Search the data for the word "size". Reproduce every line where it is found.
[[ Supplied data, beginning ]]
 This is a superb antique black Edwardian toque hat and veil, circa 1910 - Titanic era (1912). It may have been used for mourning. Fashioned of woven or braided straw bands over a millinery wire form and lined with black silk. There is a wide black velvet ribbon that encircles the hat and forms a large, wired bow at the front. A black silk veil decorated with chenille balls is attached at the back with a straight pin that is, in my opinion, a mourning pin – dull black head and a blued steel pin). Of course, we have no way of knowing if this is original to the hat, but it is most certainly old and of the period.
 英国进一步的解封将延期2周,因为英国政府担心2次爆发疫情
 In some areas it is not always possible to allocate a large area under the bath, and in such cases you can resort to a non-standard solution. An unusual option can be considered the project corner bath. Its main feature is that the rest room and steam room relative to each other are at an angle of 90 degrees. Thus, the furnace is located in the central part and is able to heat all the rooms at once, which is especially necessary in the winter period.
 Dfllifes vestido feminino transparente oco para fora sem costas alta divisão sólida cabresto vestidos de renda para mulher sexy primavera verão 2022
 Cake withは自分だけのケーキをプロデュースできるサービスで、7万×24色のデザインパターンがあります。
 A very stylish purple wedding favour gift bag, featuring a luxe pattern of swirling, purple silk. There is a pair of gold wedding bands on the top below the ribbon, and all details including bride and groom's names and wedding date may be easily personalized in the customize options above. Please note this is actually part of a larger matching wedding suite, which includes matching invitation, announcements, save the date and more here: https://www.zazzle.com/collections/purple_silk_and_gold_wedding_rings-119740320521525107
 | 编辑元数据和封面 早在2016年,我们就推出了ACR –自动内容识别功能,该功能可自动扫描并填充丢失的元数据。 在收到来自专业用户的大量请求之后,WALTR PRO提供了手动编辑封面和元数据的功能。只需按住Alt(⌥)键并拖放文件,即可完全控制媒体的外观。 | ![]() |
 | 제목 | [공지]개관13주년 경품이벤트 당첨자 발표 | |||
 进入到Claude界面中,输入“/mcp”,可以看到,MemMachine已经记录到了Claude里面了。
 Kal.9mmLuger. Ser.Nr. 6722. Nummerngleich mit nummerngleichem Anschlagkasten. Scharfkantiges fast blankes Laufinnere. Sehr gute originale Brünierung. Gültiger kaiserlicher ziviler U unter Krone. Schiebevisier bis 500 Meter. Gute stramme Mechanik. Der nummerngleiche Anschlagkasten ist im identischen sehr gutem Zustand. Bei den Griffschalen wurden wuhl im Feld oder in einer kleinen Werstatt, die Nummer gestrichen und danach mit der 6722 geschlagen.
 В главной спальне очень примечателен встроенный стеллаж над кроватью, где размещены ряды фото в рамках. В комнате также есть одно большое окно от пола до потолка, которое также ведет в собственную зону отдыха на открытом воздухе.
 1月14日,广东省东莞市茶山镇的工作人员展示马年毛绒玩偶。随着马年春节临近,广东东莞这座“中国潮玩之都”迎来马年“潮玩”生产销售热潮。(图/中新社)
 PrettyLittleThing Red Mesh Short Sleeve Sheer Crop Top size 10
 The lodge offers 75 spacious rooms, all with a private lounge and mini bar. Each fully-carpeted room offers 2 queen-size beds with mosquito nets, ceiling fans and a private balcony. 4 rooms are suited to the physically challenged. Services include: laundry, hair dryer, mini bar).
[[ Supplied data, end ]]
» Answer space
 PrettyLittleThing Red Mesh Short Sleeve Sheer Crop Top size 10
 The lodge offers 75 spacious rooms, all with a private lounge and mini bar. Each fully-carpeted room offers 2 queen-size beds with mosquito nets, ceiling fans and a private balcony. 4 rooms are suited to the physically challenged. Services include: laundry, hair dryer, mini bar).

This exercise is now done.